Overview

Disclaimer native proxy load balancing in Zabbix 7.0+. Zabbix 7.0 introduced proxy groups with native load balancing and high availability: proxies join a named group, hosts are assigned to the group (not individual proxies), and Zabbix automatically distributes hosts across the members and reassigns them when a proxy fails. If you're on 7.0 or later, that's the right answer for most environments configure it in Administration -> Proxy groups. This post covers the API-driven sharding approach for teams that are still on Zabbix 6.x, need custom sharding logic (e.g. pinning specific hosts to specific proxies by region or role), or want programmatic control over the reassignment rules. Both models can coexist; pick the one that matches your scale and version.

As I mentioned on my first proxy post, we deployed ZbxProxy01 against an HA Zabbix server pair. That works fine for a few hundred hosts, but once you scale into the thousands or you have hosts spread across sites, VPCs, or DMZs a single proxy is no longer the right answer.

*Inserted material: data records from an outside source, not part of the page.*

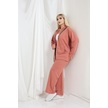Kadın Büyük Beden Fermuarlı Uzun Kollu Rahat Günlük Eşofman Takım Somon
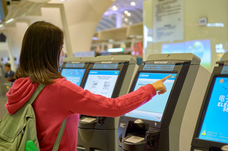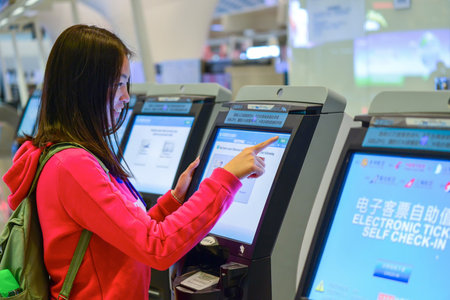 SHENZHEN, CHINA - FEBRUARY 16, 2015: woman use self check-in kiosk at Shenzhen Bao'an International Airport.
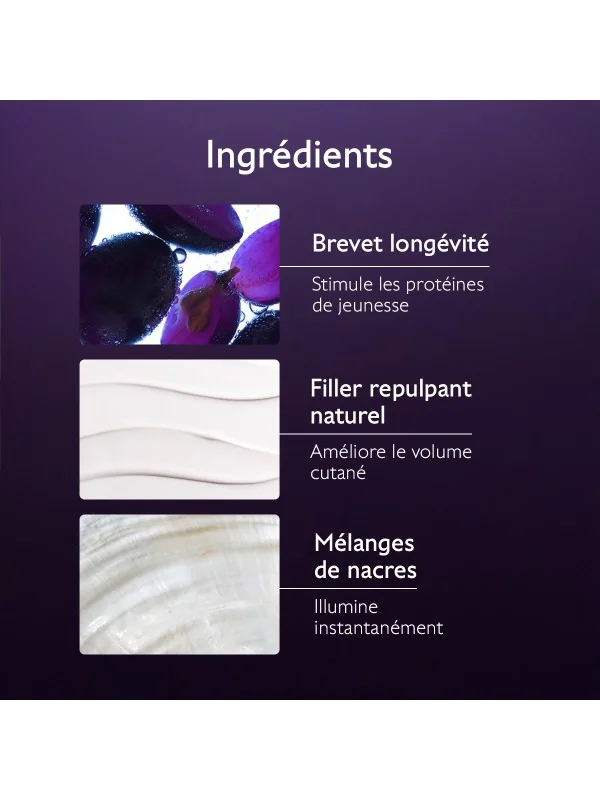 - Filler repulpant naturel : extrait issu du bois de rose, il stimule les molécules de jeunesse et les protéines densifiantes pour redéfinir les contours du visage.

This guide assumes you already have at least two working proxies (built using the original proxy post) and that they are visible under Administration -> Proxies in the frontend.

The two patterns we'll cover:

  1. Sharding split hosts across N proxies so each one only carries its share of the load.
  2. Failover when a proxy dies, hosts are reassigned to a healthy proxy automatically.

On Zabbix 6.x, the server has no built-in active/passive failover for proxies. "Failover" here means we move hosts off a sick proxy via the API. Done in a couple of seconds, this is more than fast enough for most production workloads. On 7.0+, proxy groups handle this natively see the disclaimer above.

Capacity Planning

Before sharding, you need to know how much each proxy can carry. Two numbers matter:

  • NVPS (new values per second) the steady-state metric throughput.
  • Required performance visible under Reports -> System information.

A reasonable rule of thumb on modest hardware (4 vCPU, 8 GB RAM, SQLite proxy):

Proxy size Hosts NVPS
Small < 200 < 500
Medium < 800 < 2000
Large < 2000 < 5000

Always size for 2x your peak. A proxy at 90% utilization has no headroom to absorb the load of a sibling that just died.

Sharding Strategy

Pick one strategy and stick with it. Mixing strategies leads to hosts that drift between proxies on every reload.

  • By location proxy-us-east, proxy-eu-west. Best when latency or firewall rules force the boundary.
  • By environment proxy-prod, proxy-stage. Best when you want to apply different polling intervals or retention.
  • By hash hash(hostname) mod N. Best when hosts are uniform and you just want even spread.
  • By role proxy-network, proxy-windows, proxy-linux. Best when templates differ wildly per role.

For the rest of this post we'll use the hash strategy because it's the easiest to automate.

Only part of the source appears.